Mechanical characterization of brain tissue in tension at dynamic strain rates

TL;DR

This study developed a high rate tension device to measure brain tissue's dynamic tensile properties at strain rates up to 90/s, providing data crucial for improving brain injury models.

Contribution

The paper introduces a novel high rate tension device and provides experimental data on brain tissue's tensile behavior at dynamic strain rates, which was previously limited.

Findings

Brain tissue becomes stiffer with increasing strain rates.

Tensile stress at 30% strain increases with strain rate.

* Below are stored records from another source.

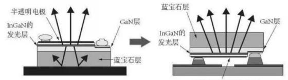 相对于正装COB封装,倒装COB结构更加简单 LED耐更高电流,制造工艺简化 无金线 散热更佳,稳定性高,且RGB混光效果好。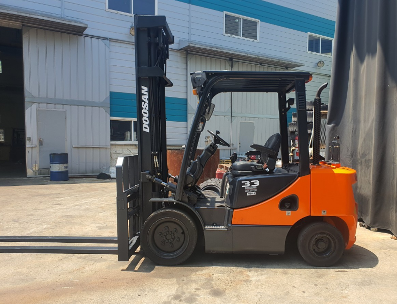 장비명 :  두산 D33SE-7 디젤 3.3톤 3단마스트(4,350mm), 와이드케리지 봉타입 편계식자동발 지게차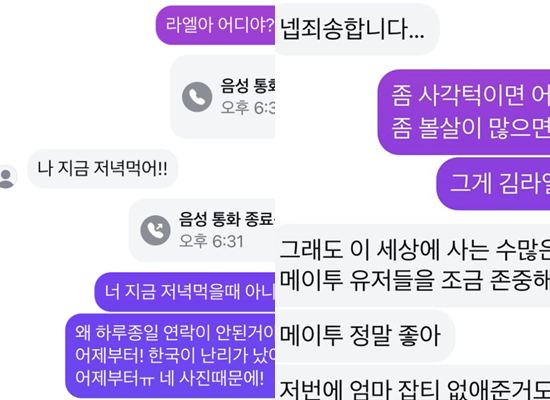 그러나 "좀 사각턱이면 어떠니. 좀 볼살이 많으면 어떠니. 그게 김라엘인데"라는 잔소리가 이어지자, "그래도 이 세상에 사는 수많은 메이투 유저들을 조금 존중해줘. 메이투 정말 좋아. 저번에 엄마 잡티 없애준 거도"라고 말해 또 웃음을 줬다.

Material parameters for hyperelastic models were derived.

Abstract

Mechanical characterization of brain tissue at high loading velocities is crucial for modeling Traumatic Brain Injury (TBI). During severe impact conditions, brain tissue experiences compression, tension and shear. Limited experimental data is available for brain tissue in extension at dynamic strain rates. In this research, a High Rate Tension Device (HRTD) was developed to obtain dynamic properties of brain tissue in extension at strain rates of < 90/s. In vitro tensile tests were performed to obtain properties of brain tissue at strain rates of 30, 60 and 90/s up to 30% strain. The brain tissue showed a stiffer response with increasing strain rates, showing that hyperelastic models are not adequate. Specifically, the tensile engineering stress at 30% strain was 3.1 +/- 0.49 kPa, 4.3 +/- 0.86 kPa, 6.5 +/- 0.76 kPa (mean +/- SD) at strain rates of 30, 60 and 90/s, respectively. Force relaxation tests in tension were also conducted at different strain magnitudes (10-60% strain) with the average rise time of 24 ms, which were used to derive time dependent parameters. One-term Ogden, Fung and Gent models were used to obtain material parameters from the experimental data. Numerical simulations were performed using a one-term Ogden model to analyze hyperelastic behavior of brain tissue up to 30% strain. The material parameters obtained in this study will help to develop biofidelic human brain finite element models, which can subsequently be used to predict brain injuries under impact conditions and as a reconstruction and simulation tool for forensic investigations.